FOOTBALL is the country’s national game and when it sneezes, the entire sporting fraternity appears to catch a cold.

It is the people’s sport, loved by millions of Zimbabweans and played by millions, either in its amateur ranks, like the weekend social matches, or the professional ranks, like our Premier Soccer League.

Although we are a nation with a diversified portfolio of sporting codes, there is no doubt that football is the king, dwarfing all the other disciplines, in terms of the numbers, who follow the beautiful game.

We have always prided ourselves, as Zimbabweans, that we are a blessed country, one of just two African nations, the other one being South Africa, good enough to play cricket at Test level.
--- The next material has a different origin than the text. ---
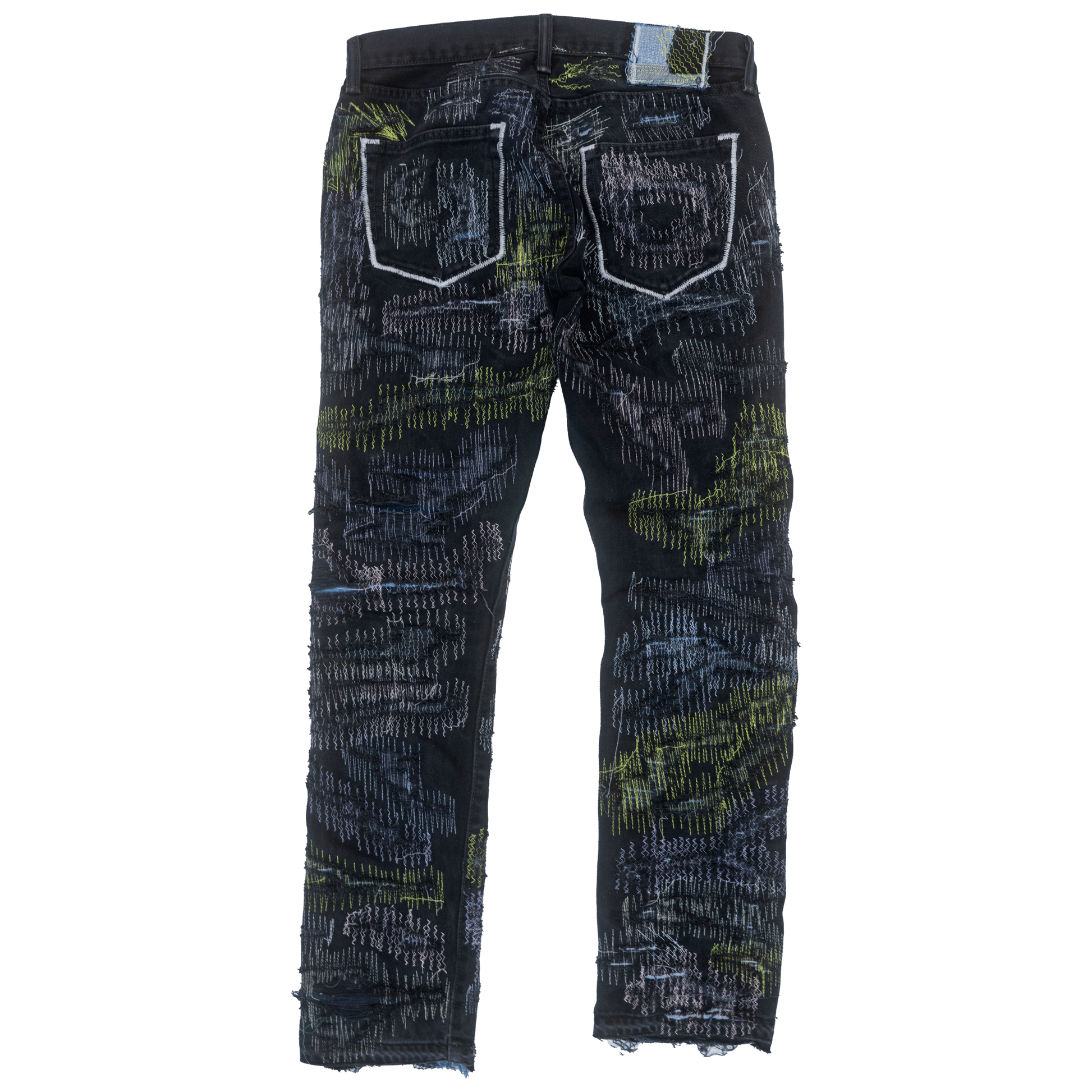HALLOWEEN GLOW IN THE DARK TATTERED STITCHWORK DENIM

We have Africa’s most decorated Olympian, Kirsty Coventry, who is our Minister of Youth, Sport, Arts and Recreation while our golfer, Nick Price, once occupied the number one ranking in the world, after winning three major golf titles.
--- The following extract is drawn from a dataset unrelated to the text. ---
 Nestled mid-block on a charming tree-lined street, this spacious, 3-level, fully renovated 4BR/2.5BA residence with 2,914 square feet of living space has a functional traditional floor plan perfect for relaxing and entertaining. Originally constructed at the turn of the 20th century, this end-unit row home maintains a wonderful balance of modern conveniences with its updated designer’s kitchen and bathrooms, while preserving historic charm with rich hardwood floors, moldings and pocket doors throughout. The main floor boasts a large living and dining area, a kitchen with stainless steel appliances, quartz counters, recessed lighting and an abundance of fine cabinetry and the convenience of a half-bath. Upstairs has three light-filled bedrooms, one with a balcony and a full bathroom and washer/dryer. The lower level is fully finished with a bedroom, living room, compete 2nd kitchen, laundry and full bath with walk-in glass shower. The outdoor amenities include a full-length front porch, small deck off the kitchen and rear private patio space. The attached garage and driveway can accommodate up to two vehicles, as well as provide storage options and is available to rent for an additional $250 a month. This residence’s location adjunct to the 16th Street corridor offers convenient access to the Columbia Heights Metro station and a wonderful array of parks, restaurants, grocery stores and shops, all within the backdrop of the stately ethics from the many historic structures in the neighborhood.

We have produced a world diving champion, Evan Stewart, while a number of our players have left this country to help other nations win the Rugby World Cup.

The New Zealand team, which stunned cricket powerhouse India, to win the inaugural Test Championship, featured a former Zimbabwe international, Collin de Grandhomme, who represented this country at the 2004 Under-19 ICC Cricket World Cup.

The Curran brothers, who are starring for the England cricket team, are former Zimbabwe youth internationals and we could go on and on.

Even in football itself, our boys have left a mark, with Peter Ndlovu having the honour of being the first African footballer to feature in the English Premiership.

Goalkeeper Bruce Grobbelaar was the first African footballer to win the European Cup, now known as the Champions League, with English giants Liverpool.

However, it’s very clear right now that our national game is lying on its deathbed, needing life support, as it battles a number of serious challenges.

The embarrassing sequence of defeats the Warriors suffered, during the COSAFA Cup, which comes to an end in South Africa tomorrow, once again highlights the challenges confronting our national game.

In a tournament where we have been the dominant country, with a record six titles, the Warriors broke records for all the wrong reasons, as they crashed out of the tourney as the worst side among the 10 nations that took part.

We finished bottom of a group, which we were fancied to win, after losing two matches, and drawing as many games, with our boys struggling to even do the basics like stringing together four passes, among themselves.

The leadership, which we expected from our coach, Zdravko Logarusic, was not there, and the Croatian gaffer, a controversial pick for the job by ZIFA, appeared out of depth, even at this level of a regional football tournament.

With just one win, in a dozen matches in charge of his team, Loga has been a failure and is struggling to justify the reason why our football leaders settled on him, to improve our Warriors.

Our proud six-year unbeaten record, in open play, at the COSAFA Cup, went up in smoke, as they were beaten by both Namibia and guest nation Senegal.

The poor performance at the COSAFA Cup also mirrored the team’s lifeless show at the CHAN finals, where his Warriors also broke records, for all the wrong reasons, after losing all the matches, in Cameroon.

And, just like at the regional tournament, our national team ended up as the worst of all the participating teams at the CHAN finals in Cameroon.

Apart from the results and the statistics, the Warriors have not shown any signs of improvement in terms of style of play, tactics and even the way they are structured, on the field of play, under Loga’s guidance.

The ZIFA board have said they will review the team’s poor show at the COSAFA Cup, after receiving technical reports and this will help them try to find solutions to the challenges affecting the team.

The problem is that we have had this before and nothing has changed.

When our Young Warriors suffered the embarrassment of being thrown out of the COSAFA Under-17 tournament last year, for fielding an over-aged player, we were told that heads would roll for that national humiliation.

Of course, this was just meant to manage the situation, amid the national backlash provoked by that humiliation and, once the fans had changed their focus, to other matters of the game, the issue was swept under the carpet.

We get a feeling that’s what the ZIFA leaders, who are themselves as culpable, as Loga, for the way our Warriors have suddenly turned into a punching bag, are trying here.

They are just buying time, knowing that by September, focus would have turned to the World Cup qualifiers, and all the fury generated by the way the Warriors have been humiliated in recent weeks, would have disappeared.

The Warriors do not belong to ZIFA, they are a team which belongs to this country – the people elected to run the game at a national level, only control this team on behalf of this nation.

These people hold this team in trust, on behalf of everyone who calls himself, or herself, a Zimbabwean and they have a responsibility to ensure they manage it in the best way possible.

Sadly, this isn’t what we are seeing right now and our woes are not being helped, when it comes to the Warriors, by a coach who appears clueless, at this level of the game.